— Source material —

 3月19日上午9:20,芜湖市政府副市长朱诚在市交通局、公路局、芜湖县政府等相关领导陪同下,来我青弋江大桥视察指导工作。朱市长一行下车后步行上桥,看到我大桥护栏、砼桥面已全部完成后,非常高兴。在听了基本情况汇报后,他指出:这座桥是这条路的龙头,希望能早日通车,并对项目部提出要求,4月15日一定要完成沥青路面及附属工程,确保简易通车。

==

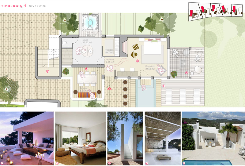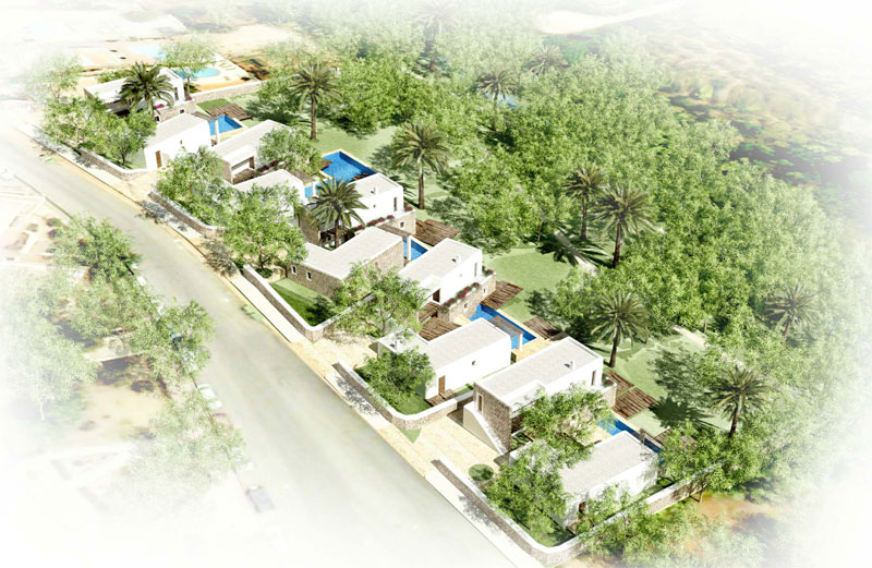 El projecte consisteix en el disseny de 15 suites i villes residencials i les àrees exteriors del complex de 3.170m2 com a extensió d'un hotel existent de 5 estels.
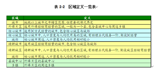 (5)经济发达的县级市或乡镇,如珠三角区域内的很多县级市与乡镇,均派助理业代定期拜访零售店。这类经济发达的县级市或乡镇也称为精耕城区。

— Exercise —
Everything above from the line with "El projecte consisteix" through the line with "(5)经济发达的县级市或乡镇" should be retyped exactly, and nothing else; omit pictures.

— Written answer —
 El projecte consisteix en el disseny de 15 suites i villes residencials i les àrees exteriors del complex de 3.170m2 com a extensió d'un hotel existent de 5 estels.
 (5)经济发达的县级市或乡镇,如珠三角区域内的很多县级市与乡镇,均派助理业代定期拜访零售店。这类经济发达的县级市或乡镇也称为精耕城区。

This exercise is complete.